## Michigan Lead Testing Data Analysis
In June 2018, Michigan approved the nation's toughest lead regulations. The state's law came in the wake the Flint lead crisis and set a strict timeline for lead service line removals, requires utilities to pay for service line removals, and increases public education requirements on lead poisoning. 

The new law also changed how utilities with lead service lines are required to sample and test homes for lead. The federal Lead and Copper Rule requires utilities to test the first liter of water drawn from the tap, a requirement that likely misses the highest levels of lead in a home. The Michigan Lead and Copper Rule requires two samples, the first and the fifth liter. Utilities with lead service lines are required to test both and use the higher of the two in calculating their 90th-percentile lead level. 

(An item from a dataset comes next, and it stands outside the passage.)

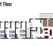 Rooms 1- 3 are each accessed separately from an open walkway just along from the main entrance. Rooms 4 – 6 are accessed separately from an exterior walkway directly above. Room 7 and all of the communal areas are accessed via the main entrance.

Last year, 2019, was the first year that utilities were required to use first and fifth liter sampling. APM Reports requested 10 years of water system 90th-percentile lead levels and four years of individual sample data and found that the inclusion of just one extra liter more than doubled, on average, the amount of lead utilities reported to the state and EPA. 

#### Table of Contents
* [Data Overview](#Data-Overview)
* [90th-Percentile Lead Levels](#90th-Percentile-Lead-Levels)
* [Systems over the Action Level](#Systems-over-the-Action-Level)
* [Individual Samples](#Individual-Samples)


## Data Overview

Water utilities are required to keep the amount of lead in their system below a certain amount, called the action level. When a utility exceeds the action level, they are required to take a series of steps related to public health and lead mitigation. Both Michigan's and the Federal lead action level is 15 ppb, though Michigan is lowering their action level to 12 ppb in 2025. 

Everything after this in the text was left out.